I’m not one for getting nervous talking to athletes or celebrities or politicians, but I had a serious case of the knee-knocks on the first few holes at Pebble when I took some buddies last fall. It almost seemed surreal; like someone else was playing in my place.
I could feel the ghosts as I walked through the pro shop, checking the cardigan sweaters and high-priced souvenirs with the Pebble Beach Golf Links logos. Behind the number one tee box, in view of the putting green, was a plaque of Bing Crosby, who didn’t design the course but is arguably the most influential figure in Pebble Beach history for having brought his “clambake” tourney here and helping the networks beam back those dreamy photos of foamy surf and impossibly green fairways and (usually) blue Pacific skies to viewers buried in icy snowdrifts.

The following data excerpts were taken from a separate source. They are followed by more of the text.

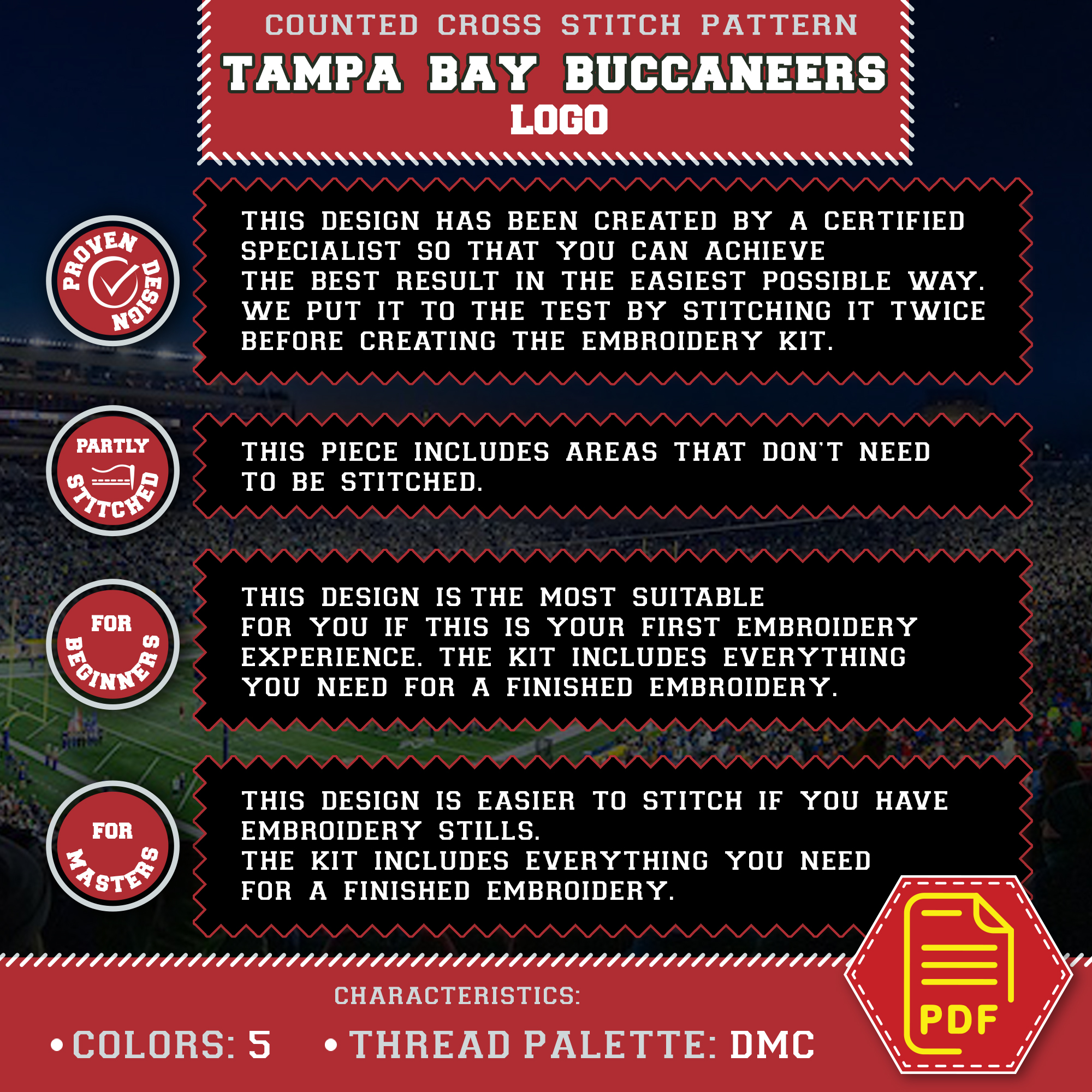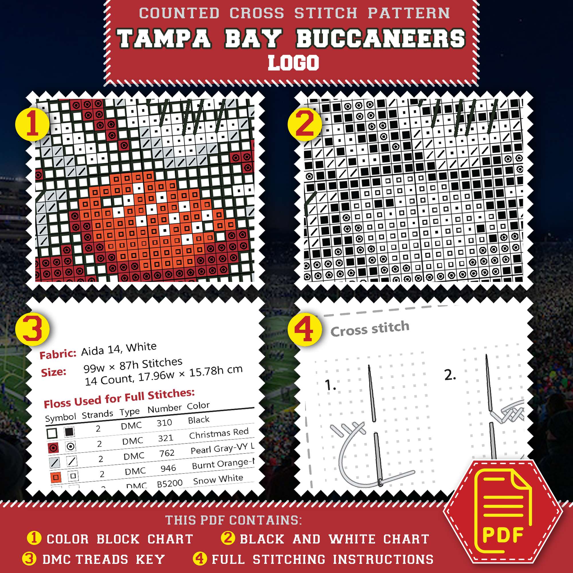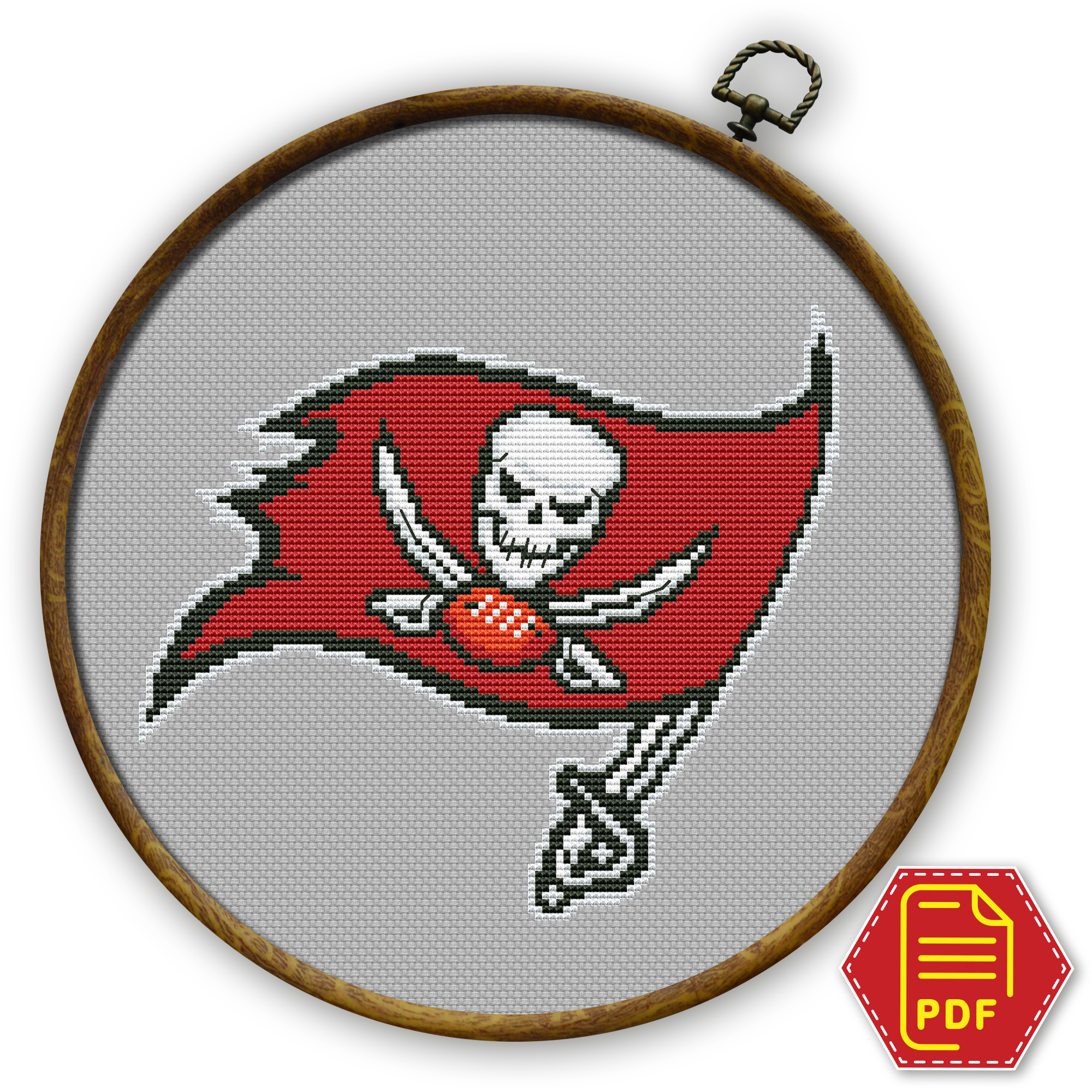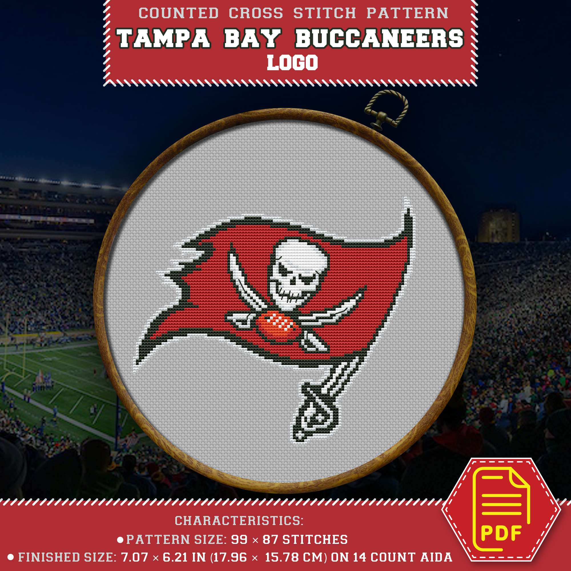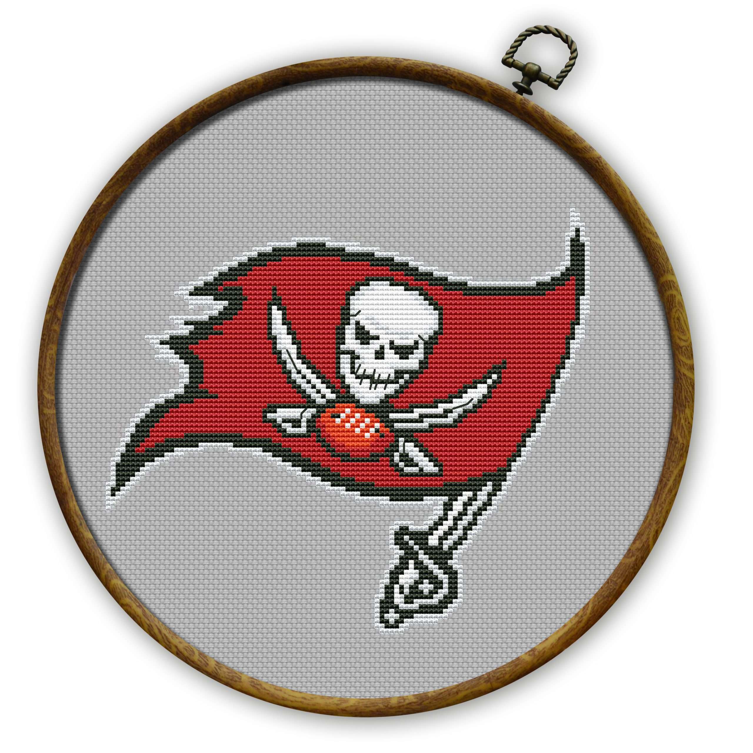 Tampa Bay Buccaneers insignia cross stitch pattern, available for instant download as a 5-page PDF file.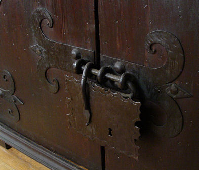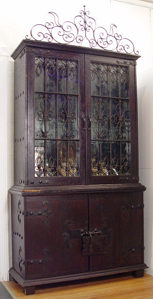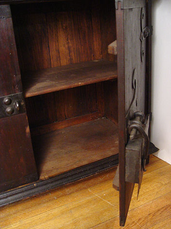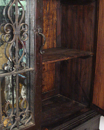 SPANISH CUPBOARD CABINET HEAVY WITH WROUGHT IRON: Upper cabinet has scrolled iron across the top and fret work over the glass front doors. Lower cabinet door, with iron hinges and mounts. Approx. 97''h. x 46 1/2''w. x 18''d.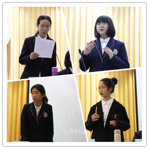 司法过程中,网络舆论为我们提供了普通民众基于道德的对司法过程的看法。然而,当这种看法已经影响到司法过程时,我们不可不警惕其隐含的危险性。本次比赛就网络舆论对司法公正的影响进行了辩论,双方客观分析了网络舆论的积极作用与消极作用,并且对网络舆论固有属性进行了探讨。在思想的交锋和张俊峰副校长、阮小蕾老师的点评中,我感受到了法治的力量,也认识到了自己的虚浮、虚伪和虚荣。作为杭外唯一的法学社,希望能够继续举办法治辩论活动,让更多同学认识到法治的力量。

It’s like a photographic symphony, I thought as we got our first glimpse of the Pacific Ocean on the fifth hole. The blue Pacific was in front of me, rolling onto a perfect beach. The mountains rose to the southwest across Carmel Bay, purplish and brown in the soft morning light on an unusually cool September morning. And, then, spread out all around me was the most perfect of green pastures, a place of golfing legends and movie stars and history, the place where Tiger Woods put on one of his dominating performances of all time and where Tom Watson reached for the stars on No. 17 with one of the greatest pressure shots of all time.
As fabulous as the middle and finishing holes are, the first two holes are inland and kind of, well, introductory, winding past beautiful homes and gnarly trees. The conditions are as perfect as any golf course you’ll ever see, but holes 1 and 2 probably don’t match the Pebble Beach images most of us have locked in our minds.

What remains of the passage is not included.